Stepping outside, crisp air hits lungs on the first inhalation. It's a harsh but welcome feeling that not all mountain bikers experience. A puff of mist escapes as you exhale, contributing the faintest of clouds to the forest around you.

Some flock to the raucous sound of cyclocross racing cowbells like children after the piper. Weather forces others onto the road. Those privileged to continue mountain biking in autumn know it as a singular, magical experience.

Roll forward and hear the crunch of crisp leaves under tires. If you hadn't ridden this trail all summer, now it would be impossible to discern the track beneath the shroud of fallen foliage. For you, that concern is a fleeting one as you could nearly ride this eyes closed; left after the truncated aspen, right of the rock pile, stay low next to the lightning struck tree (but above the fern that adds a touch of green to the otherwise-browning landscape).

Employing a looser grip on your handlebars, the bike dips and slides through corners as if invisibly connected to the obscured trail.  Here, the dirt has perfect moisture content; not like Spring when everything is muddy or when Summer’s heat has baked it dry.  This is superhero dirt that grips through corners but rolls fast on the straights. Crashes reveal a measure of earthly give to absorb your infrequent miscalculations.

Spring was about training and Summer acquiesced to carbon-soled footwear with race kits. Autumn is about weekend camp trips, group rides and a touch of pumpkin in your beer.

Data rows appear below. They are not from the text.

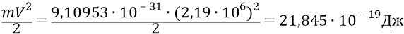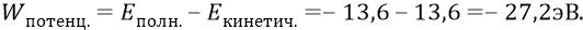 А это значит, что потенциальная энергия атома с электроном, кружащим по первой боровской орбите, равна: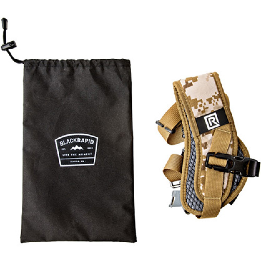 Safely and securely carry your camera, and have it handy when you need to shoot fast, with the BlackRapid Sport X Camera Sling Strap in digital desert arid camouflage. It is designed to be worn across a right-handed user's body from the left shoulder to the right hip, and your connected camera will rest upside-down on upir hip, so that it can be quickly raised for use. A 16 x 2.2" shoulder pad is ergonomically curved to fit the contour of your shoulder and evenly distribute the weight of the camera while its TPE foam and poly air mesh improve air flow and comfort.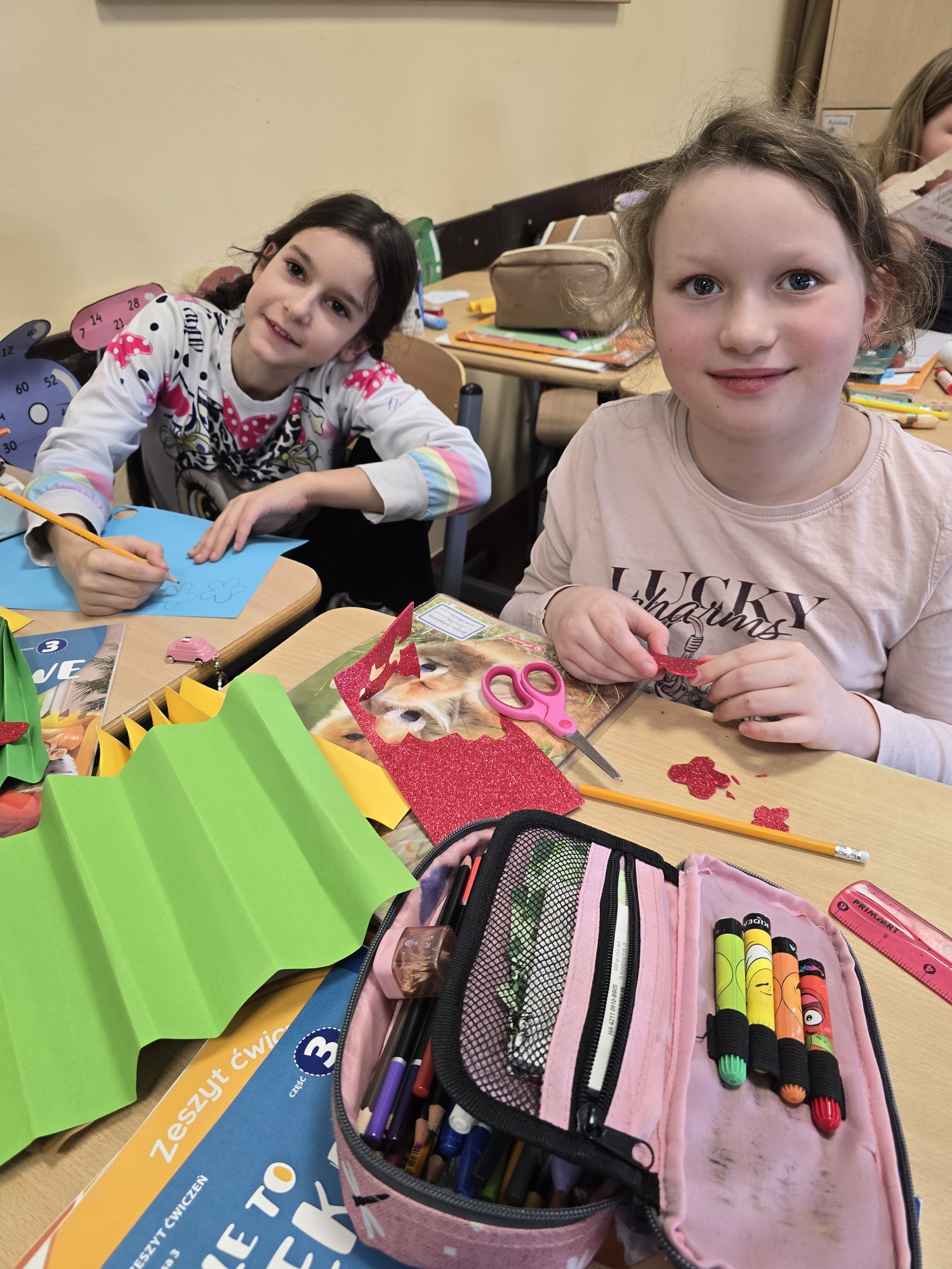 W związku ze zbliżającym się Dniem Kobiet porozmawialiśmy również o „Wielkich Kobietach w Historii”. Dzieci poznały inspirujące postacie, takie jak Marie Curie, Frida Kahlo oraz Amelia Earhart. Rozmawialiśmy o ich dokonaniach i o tym, jak dzięki swojej odwadze i determinacji zmieniły świat. Z tej okazji dzieci przygotowały także kartki i laurki z życzeniami na Dzień Kobiet, wkładając w nie dużo serca i pomysłowości.

Now is when the best of the cosmos converges within the bike culture.

Camradarie with friends old and new. A last chance to experiment with tires, clusters and cranks. Running single speed. Unclipping in favor of flat pedals. Making your own dirt jump or repurposing someone else’s pile. Remembering what a rigid fork felt like without fear of condemnation. Lavishing on the chain lube. Getting (way) lost. Bonking miles from home. Doing it again.

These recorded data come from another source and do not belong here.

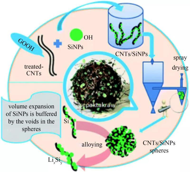 圖8 噴霧干燥法制備一種硅碳納米管(CSs)復(fù)合材料原理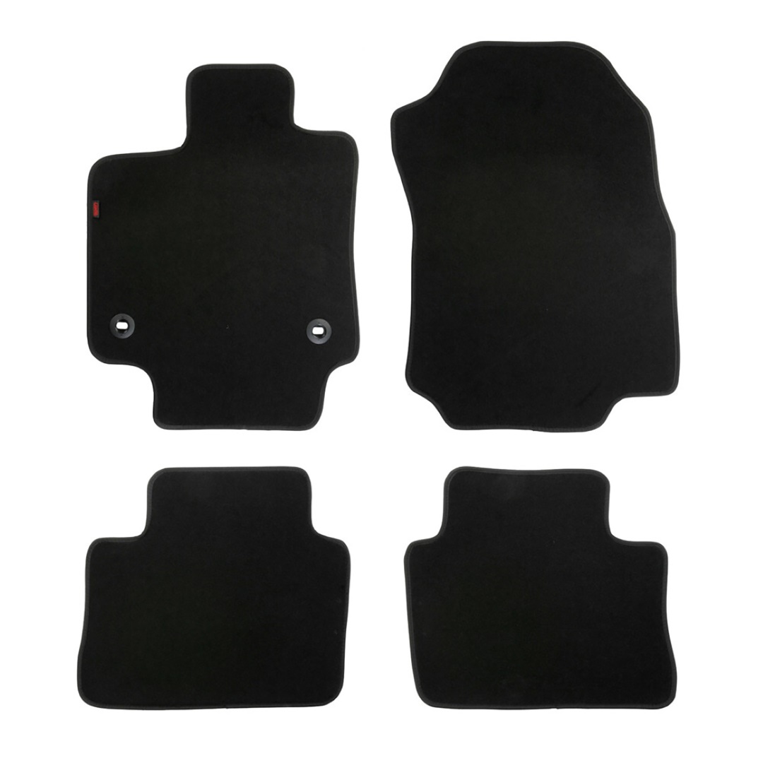 Πατάκια αυτοκινήτου για TOYOTA RAV 4 5D από την εταιρία LAMPA, ιταλικής προέλευσης. Κατασκευασμένα από υψηλής ποιότητας μοκέτα (100% πολυπροπυλένιο) σε μαύρο χρώμα με περιμετρικό φινίρισμα από βελούρ ρέλι.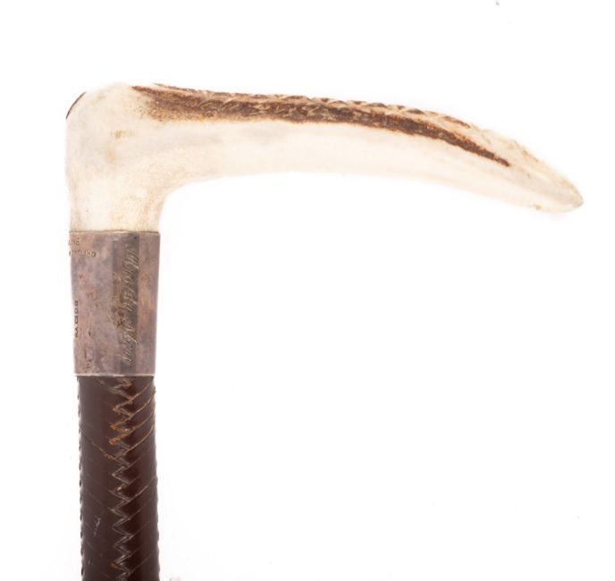 A silver mounted Swaine riding crop, having a carved antler handle and leather shaft, maker's plaque to handle, 67cm long.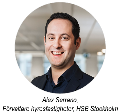 – Det har bland annat resulterat i att vi nu satsar på mer utebelysning och tar bort de miljöer som upplevs som otrygga, exempelvis vildvuxna buskage. Vi jobbar också hårt för att få bort all trafik från gårdarna. Ska barn röra sig säkert är det viktigt att det är bilfritt, säger Alex Serrano, Fastighetsförvaltare Hyresfastigheter HSB Stockholm.

Run a tire with some more volume and knobs now given that no one cares about rolling resistance in Autumn. Stop shaving your legs to tug on fleece arm and knee warmers along with a long-sleeve, bramble-snagged jersey. Update with some new performance tech apparel or perhaps bolt on an old-fashioned silver bike bell.

This is your time. All you need to do is pick the place. Ring, ring. Fall at its finest.